“Mifune was like the ocean. The ocean is boundless, but also turbulent.”

He is one of my favorite actors, alongside Robert De Niro, and Daniel Day Lewis.

He is one of the reasons Akira Kurosawa’s visions came alive. The two men, challenging against authority was again and again captured on films like Seven Samurai, Yojimbo, Rashomon, and others. Together they made 16 films. Even to this day, after 67 years since the release Rashomon, he is the iconic face of a Japanese Samurai. His name is Toshiro Mifune.

Watching this documentary increased my respect for him by tenfold. I did not know that he fought as a soldier during World War 2. Due to his harsh voice and arrogant demeanor, his military supervisors often beat him. But it was this voice that made him stand out from all contemporary actors, possibly in the whole world of actors during his time. As his son narrated, when Japan was losing, Toshiro Mifune was a sergeant in charge of training young boys, many of whom had not even hit puberty for suicidal missions. He hated the job but he followed his instructions.  And on the day they left, he told them, “You don’t have to say “I’m doing this for the Emperor!” Just say goodbye to your mother.” He would cry when he told these stories to his children.

For those who are familiar with his work, this documentary is going to be an absolute delight. What a man he was. He was extremely disciplined and ready to shape shift at will. If you haven’t, watch any one of these three: Seven Samurai (it’s longer than 3 hours), Yojimbo (comedy) or Rashomon (mindf%^k).
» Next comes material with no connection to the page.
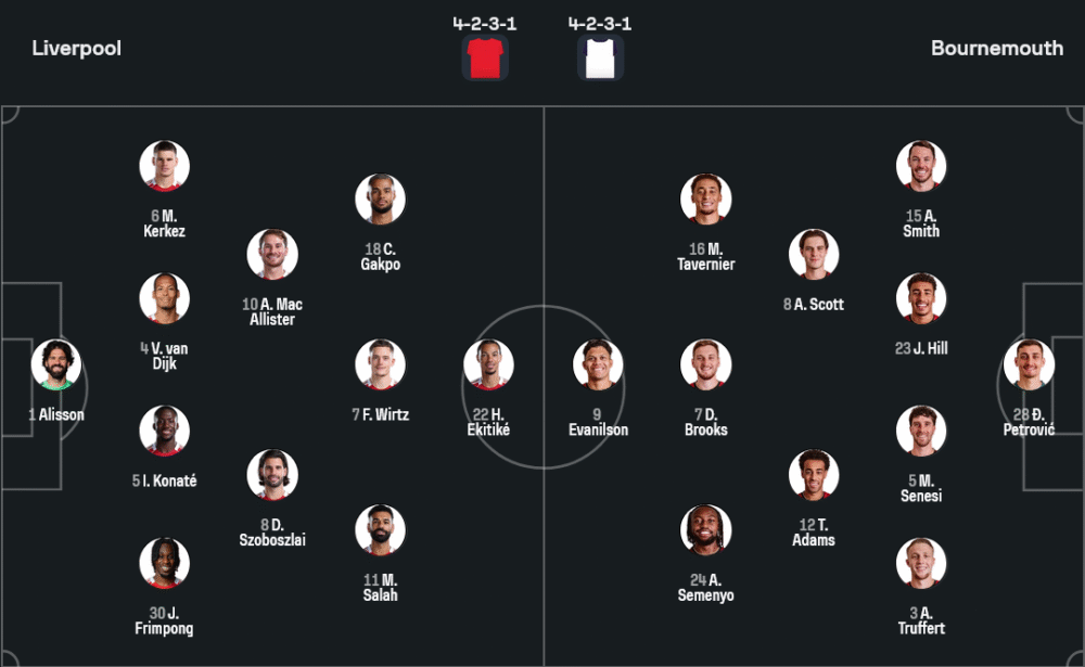 ฝั่งเจ้าบ้านของกุนซือ อาร์เน่ สล็อต มีปัญหาเล็กน้อยในแดนกลางเมื่อ ไรอัน กราเฟนเบิร์ช ติดโทษแบน และ สเตฟาน บายเซติช ยังไม่ฟิตสมบูรณ์ ขณะที่ คอเนอร์ แบรดลีย์ กับ โจ โกเมซ ต้องเช็กความฟิตก่อนเกม คาดว่าแผนหลักจะยังยึดระบบ 4-2-3-1 โดยให้ อูโก้ เอกิติเก้ ยืนหน้าเป้าพร้อมสนับสนุนจากสามแนวรุกตัวจี๊ด โมฮาเหม็ด ซาล่าห์, โคดี้ กั๊กโป และ ฟลอเรียน เวียร์ตซ์ ที่ฟอร์มช่วงปรีซีซั่นร้อนแรงสุด ๆ ขณะที่แนวรับยังมี อลิสซง, ฟาน ไดจ์ค, โกนาเต้ และ ฟริมปง คุมแผงอย่างเหนียวแน่น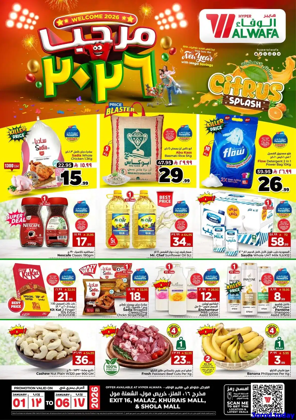 عروض الوفاء هايبر ماركت الأربعاء 11 رجب 1447هـ الموافق 31-12-2025 تركز على المنتجات الغذائية و تضم الأرز والمعكرونة والحمص المطحون وزيت دوار الشمس وصلصة الطماطم المتنوعة ثم تضيف أجهزة كهربائية مثل مروحة حائط وسخان شاي كهربائي وخلاط عصائر وفرن تحميص وجهاز خفق و متنوع من ادوات تحضير الطعام

And the best case scenario: watch all three. You will realize why Mifune was known as one of the greatest actors of all time. And they are not as boring as you think, particularly Yojimbo.

According to one of his costars, “He was like the ocean. The ocean is boundless, but also turbulent.” But Mifune was not a complete saint. His heavy drinking and fascination for speedy cars and a game of black jack bring him down to a human level. Yet that doesn’t mean he was extravagant. In his own production house, he was often seen mopping the floor, setting up lights, and doing other chores.

I am inspired beyond means, yet again by you. Thank you for your work, Mr. Toshiro Mifune. Till this day I remember the day I searched your name on Wikipedia using opera mini on my Nokia 6233 phone, expecting you to still be alive so that one day I can meet you and shake your hand. On that day I almost cried when I saw that you passed away in 1997. There was a genuine sadness that lasted for quite some time. May you rest in peace.